Peter Pan has been inspiring writers and filmmakers for over a century since he first swept Wendy off her feet and to Neverland. The original incarnation of JM Barrie’s story was a play in 1904, then printed as the novel Peter and Wendy in 1911.
Make believe is the ultimate rule in Peter Pan’s world, and that’s why the story can take us into such rich
territory. The imagination is bound to run wild, and images can resonate with different readers in deeply personal and unique ways.
We all know the story. But what’s not quite as well known is the last chapter, which Barrie wrote as an additional scene to be added to the play four years after the premiere of the original production. The scene is titled When Wendy Grew Up – An Afterthought. It was only performed on the closing night of the 1907-1908 run of the show. It was later included in the novel in 1911, but was left out of the Disney production and is still not widely known.
At the end of the most commonly known version, Peter promises to come back to Wendy the following spring. However, Peter is very forgetful, and so in the last chapter he returns to Wendy, but only years later when she has grown up and has forgotten how to fly. It’s a very moving moment when Wendy tells Peter she can no longer fly away to Neverland and be his mother because she now has a daughter. As Barrie wrote, Peter will then take Wendy’s daughter and then again her daughter “and thus it will go on, so long as children are gay and innocent and heartless”.

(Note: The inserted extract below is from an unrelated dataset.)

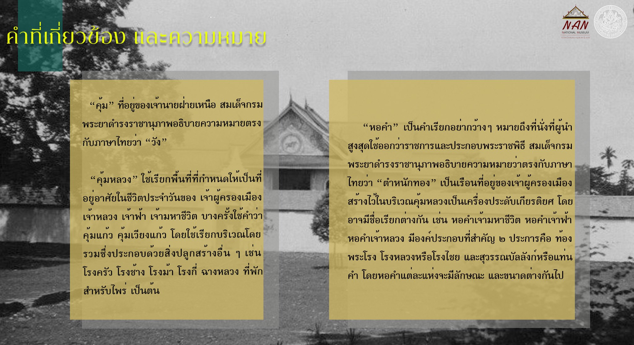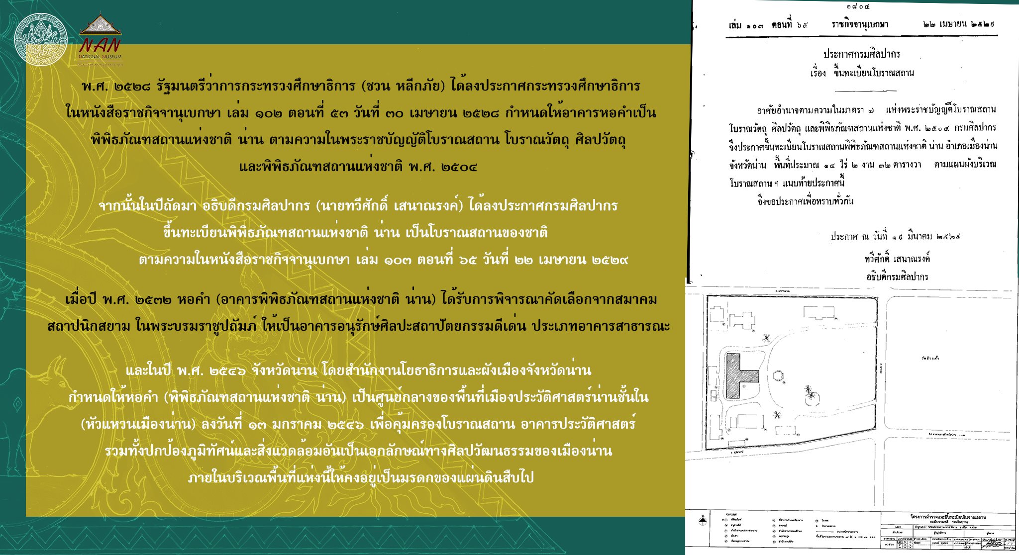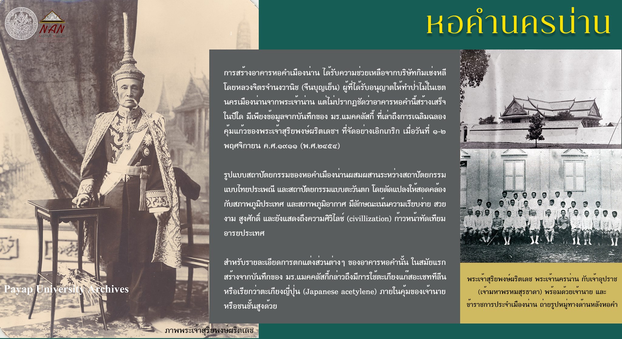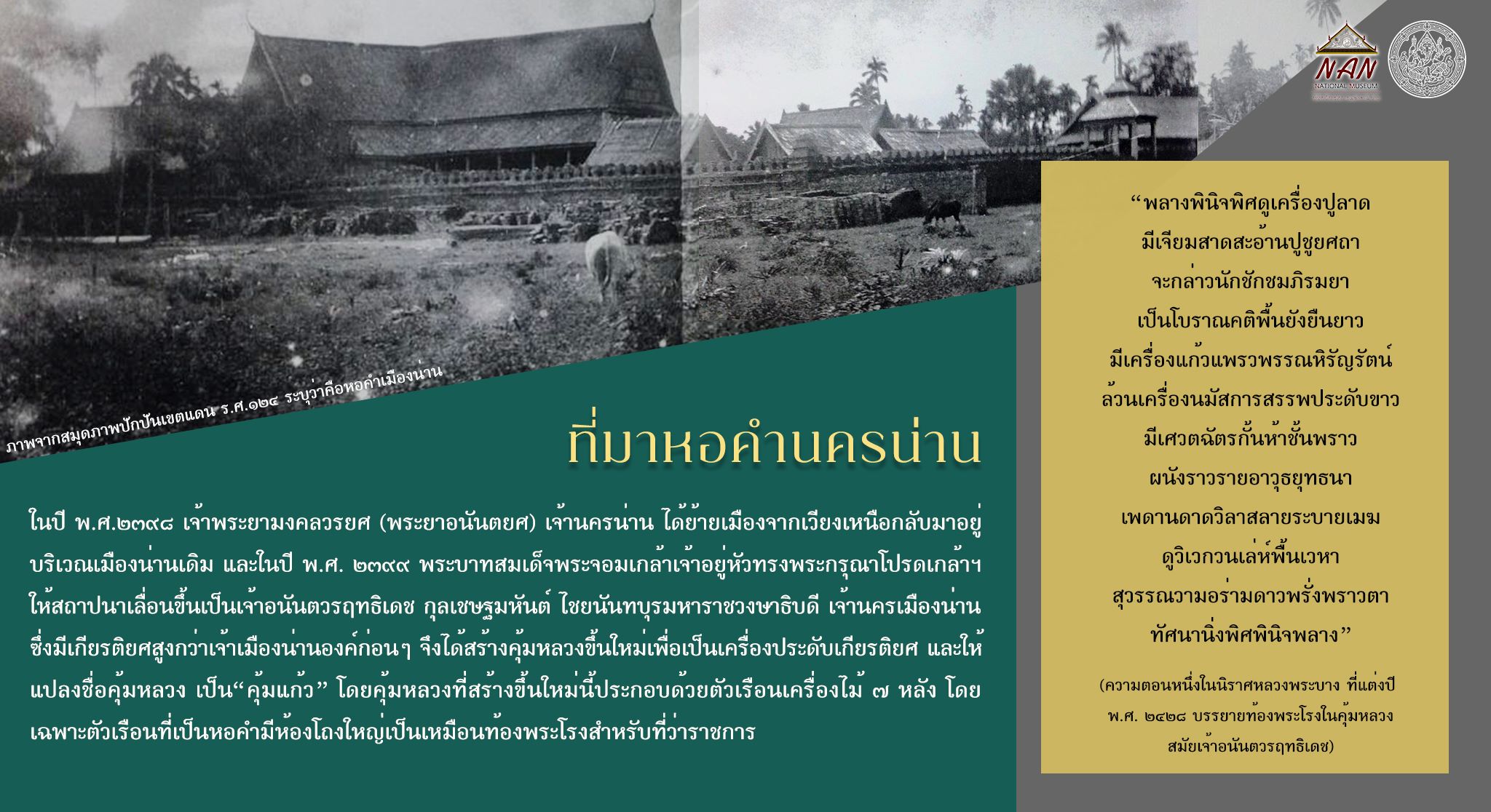 เรื่อง "หอคำนครน่าน : จากที่ประทับเจ้าผู้ครองนคร สู่ศาลากลางจังหวัด และพิพิธภัณฑสถานแห่งชาติ น่าน"

The Lost Girls takes off from here and looks at how Peter visits Wendy’s daughter, and then her daughter, and then her daughter – and the impact his visitations have on the lives of these women.
We see Peter Pan visiting four generations of Darling women, from the original Wendy, wonderfully played by Vanessa Redgrave, to her daughter Jane, played by Joely Richardson and Tilly Marsan, her granddaughter Wendy, played by yours truly alongside Amelia Minto and Emily Carey, until the fourth generation played by Ella-Rae Smith and Ava Fillery.